Review: iRig / Amplitube for iPad

by Josh

I had the good fortune of receiving IK Multimedia‘s iRig for Christmas, and I quickly purchased Amplitube for iPad to use along with it.  I’d like to unpack for you not another boring set of specifics on what you get for the price, but I’d like to explain my initial experiences with this product as a relative newcomer to the world of the electric guitar.

What you get

The Amplitube software comes in a free version and a paid version.  I didn’t screw around with the free version at all, so I’m going to focus purely on the full version.  You get eleven stomp-boxes (plus five more you can purchase in-app), five amps, five cabinets, and two microphones to play with.  Many of my early sessions with Amplitube consisted of playing around with a variety of these effects, learning how they sound together and how the controls operate.

I would go into further details here, but I’d rather spend this review talking about my experiences.  If you are interested in further details about what is included, you can find out more here.

First Experiences

I had to really explore the application, because while I own two electric guitars I have very little in the way of real gear.  I hadn’t experienced many of the pedals options that I now had at my fingertips, so much of my early exploration took the form of loading up different stomp-boxes, chaining them together, and then seeing what kind of sound came out.

Because I am not an experienced electric guitar player, these first steps into the Amplitube world can more accurately be described as experimentation.  In the real world, I have only one amp and a single pedal to compare to this myriad of stomp-boxes, amps, cabinets, and microphones.  It was like being a kid in a rock ‘n roll candy store!

This lack of experience on my part was also the source of some problems as well.  Because I was unfamiliar with some of the amp models, I had encountered what I thought to be a sound processing problem.  I had thought initially that the Crunch amp setting was modeling high gain strangely.  Some friends helped me to identify the famous amps that each of these models were aiming to replicate and I was able to test with one of their amps to confirm that yes, the sound matched quite well with the “real” amp.

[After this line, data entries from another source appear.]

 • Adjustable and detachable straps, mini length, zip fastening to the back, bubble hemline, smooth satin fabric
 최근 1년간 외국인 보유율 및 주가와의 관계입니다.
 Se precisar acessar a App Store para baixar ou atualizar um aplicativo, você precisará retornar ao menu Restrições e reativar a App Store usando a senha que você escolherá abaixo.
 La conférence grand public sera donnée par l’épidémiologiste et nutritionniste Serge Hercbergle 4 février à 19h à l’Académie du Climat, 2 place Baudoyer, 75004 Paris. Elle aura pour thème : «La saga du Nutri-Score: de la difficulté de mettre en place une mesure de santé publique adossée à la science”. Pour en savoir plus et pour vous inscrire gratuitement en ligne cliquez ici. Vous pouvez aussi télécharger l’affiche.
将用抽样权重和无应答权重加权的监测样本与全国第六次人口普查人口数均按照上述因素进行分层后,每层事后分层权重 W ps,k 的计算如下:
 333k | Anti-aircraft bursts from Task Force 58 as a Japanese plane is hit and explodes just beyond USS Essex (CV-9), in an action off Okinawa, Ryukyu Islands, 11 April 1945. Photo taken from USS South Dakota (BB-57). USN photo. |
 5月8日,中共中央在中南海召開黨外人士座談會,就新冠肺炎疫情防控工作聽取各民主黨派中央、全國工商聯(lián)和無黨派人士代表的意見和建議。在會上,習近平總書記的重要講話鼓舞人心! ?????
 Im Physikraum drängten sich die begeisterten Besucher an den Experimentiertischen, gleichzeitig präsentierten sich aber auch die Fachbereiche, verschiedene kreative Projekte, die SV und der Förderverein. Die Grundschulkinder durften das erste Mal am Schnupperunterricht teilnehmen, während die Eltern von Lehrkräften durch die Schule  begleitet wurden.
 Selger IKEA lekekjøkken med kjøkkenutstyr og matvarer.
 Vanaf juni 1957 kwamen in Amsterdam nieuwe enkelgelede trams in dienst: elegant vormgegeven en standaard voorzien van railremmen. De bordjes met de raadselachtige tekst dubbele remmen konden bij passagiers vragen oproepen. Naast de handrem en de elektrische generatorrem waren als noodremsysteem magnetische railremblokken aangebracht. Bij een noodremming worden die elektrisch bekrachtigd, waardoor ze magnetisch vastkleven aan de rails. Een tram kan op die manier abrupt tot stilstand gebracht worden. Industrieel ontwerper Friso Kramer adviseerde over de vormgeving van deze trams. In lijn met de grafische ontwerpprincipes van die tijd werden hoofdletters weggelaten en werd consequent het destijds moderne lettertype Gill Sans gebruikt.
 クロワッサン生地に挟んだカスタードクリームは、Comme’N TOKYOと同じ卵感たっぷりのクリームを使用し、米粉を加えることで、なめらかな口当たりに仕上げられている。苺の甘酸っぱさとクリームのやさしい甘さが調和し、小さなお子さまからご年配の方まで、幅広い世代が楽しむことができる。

Another contributing factor to this issue was the input levels.  It turns out that the output level of each guitar varies, and my Gibson Les Paul is significantly louder in output than the Klein pickups in my Fender Stratocaster.  It just took some toggling of the Input Level setting to fix things right up.  The IK Multimedia support team was very helpful in resolving this issue, and were friendly and helpful when tolerating my unskilled questions about their product.

The fun begins!

After these issues were resolved, I got the chance to put the application through its paces as much as my limited skills could.  I must admit, it was $20 worth of fun just messing around with different pedal combinations. I also found the Tools (specifically the tuner) extremely helpful and well-executed.

The most surprising discovery was made when I decided to spend a little time with the Metal amp.  I don’t own a single metal album, nor do I particularly like the genre.  Nonetheless, after cranking up the Metal amp and hitting a few power chords I felt like a fledgling rock star!  Now I’ve been learning a few metal licks and riffs thanks entirely to this application.

In fact, I was so happy with it that I recorded a bit of it on the single track recorder and sent it to my cousin with the title “Look what I can do!”  It was the first time I have ever recorded myself playing the guitar at all, aside from a crappy YouTube attempt or two.  There’s an option available for upgrading to an 8-track recorder, which I plan to do in the near future.

Thanks to all this fun, my wife made a snide comment about the stupid grin that I had on my face which has to count for something.

Conclusion

Moments of musical discovery like this are a treasure, and to think they came at such an inexpensive price is truly amazing.  If you have an iPad and a guitar, these products are a must-have.  Amplitube is a great value for the beginning guitarist –  for the price of a single pedal, you get a versatile audio rig of 11 pedals (and 5 amps, and 5 cabinets, and two microphones) with the option to expand even more via in-app purchases.  Even if you don’t know what they all do, I think that makes a pretty strong “value for your dollar” argument.

I still haven’t explored everything there is to know about the application.  I intend to learn more about the recording features of the application by giving some of my SongInspire backing tracks a try.  I might even recruit a skilled guitarist and record something to post for all of you to enjoy!

Based on some recent marketing material, it appears that they are planning specialized applications to bring several big-name brands (Fender, Orange, and others) and their sound models to the iRig/iPad interface.  As someone who likes to “try before you buy”, this is a very exciting development that will help me hone in the sound that I really like as I grow my skills.  I can’t wait to get my hands on this and future iterations of these products, or any other tricks that the iRig might be able to provide.